Terazpasy.pl / Teraz Prasa / Dziennik Polski / DP: Kamil w krainie marzeń

DP: Kamil w krainie marzeń

"Kolejorz" od 25 lat nie zwyciężył w Krakowie z "Pasami", które zagrały w sobotę najlepszy mecz w rozgrywkach.

Od 25 lat Lech nie wygrał ligowego meczu w Krakowie z Cracovią. Ta zła passa została podtrzymana w sobotę, bowiem "Pasy" zagrały najlepszy mecz w tym sezonie, a bohaterem spotkania był rezerwowy ostatnio napastnik Kamil Witkowski, który ustrzelił klasycznego hat-tricka, zdobywając trzy gole w jednej połowie, w ciągu 23 minut!

Lech miał o co walczyć w Krakowie, w jego zasięgu jest wicemistrzostwo kraju i europejskie puchary. I wydawało się po 20 minutach, iż goście będą bliżsi wygranej. Atakowali częściej od gospodarzy, parę razy szybko wymienili piłkę i prostopadłymi podaniami zagrażali bramce Olszewskiego, który zastąpił zawieszonego za czerwoną kartkę Cabaja.

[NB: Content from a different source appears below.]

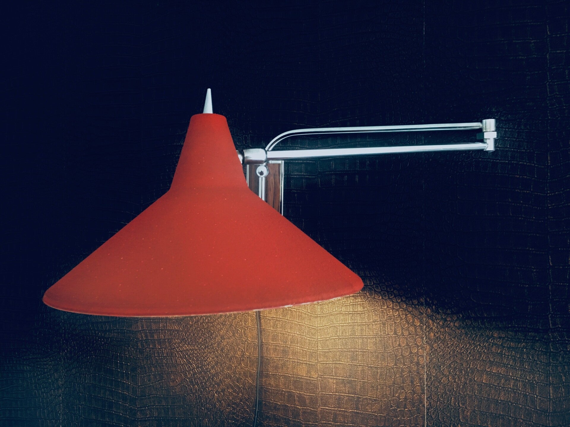 Vintage Midcentury Modern Dutch Design Extendable Paperclip Swining Arm Wall Lamp by J.J.M. Hoogervorst for Anvia, Holland 1960's. Made in the Netherlands. All metal construction. Matt red industrial painted lampshade. In overall good condition.Lampshade measures 27,5cm x 18cm. Fully extended this measures about 76cm.

I po 16 minutach Lech prowadził 1-0, a trzy minuty później znowu było bardzo groźnie pod bramką "Pasów", ale z bliska nie trafił w piłkę Quinteros. Ale jak to w piłce - wystarczył jeden błąd (Kotorowskiego) i Witkowski zaczął swój popis strzelecki.

Ta bramka wyraźnie ożywiła krakowian, mecz stał się bardzo ciekawy. W 25 min, po błędzie defensywy Cracovii, Rengifo nie trafił do bramki z 12 m. W 35 min doszło do starcia w polu karnym Polczaka z Zającem, napastnik Lecha sugerował przewinienie, ale sędzia był innego zdania (powtórki telewizyjne nie rozwiewają wątpliwości).

Wielkie emocje były w ostatnich minutach pierwszej połowy. W 44 min Dudzic uciekł rutynowanemu Bosackiemu, idealnie zagrał do Witkowskiego na 9 metr, ale strzał napastnika Cracovii odbił ręką Kotorowski. Ale minutę później było już 2-1 po kapitalnym uderzeniu Witkowskiego w długi róg, a w doliczonym czasie gry ten sam gracz skompletował hat-tricka. Znakomite 45 minut Witkowskiego.

W drugiej połowie mecz przebiegał według scenariusza, atakował Lech, ale kontry krakowian były znacznie groźniejsze. Gracze z Poznania za wolno rozgrywali atak pozycyjny, toteż obrona Cracovii już z Karwanem (zmienił w przerwie kontuzjowanego Urbańskiego) potrafiła zażegnać niebezpieczeństwo. Goście nie dochodzili do pozycji strzeleckich. Tylko raz w 66 min, po nieporozumieniu między Olszewskim i Karwanem, było groźnie, ale nikt nie wykorzystał podania wzdłuż bramki Rengifo. A krakowianie nadspodziewanie łatwo wypracowali groźne sytuacje, najlepszą miał w 71 min Witkowski, główkował z 7 m, obok słupka. Duże emocje zrobiły się znowu w końcówce, po tym jak Quinteros atomowym strzałem zniżył na 2-3. Goście atakowali, ale nie potrafili rozerwać dobrze grającej obrony gospodarzy. W doliczonym czasie gry do siatki po rzucie rożnym trafił Kulig, ale sędzia odgwizdał spalonego.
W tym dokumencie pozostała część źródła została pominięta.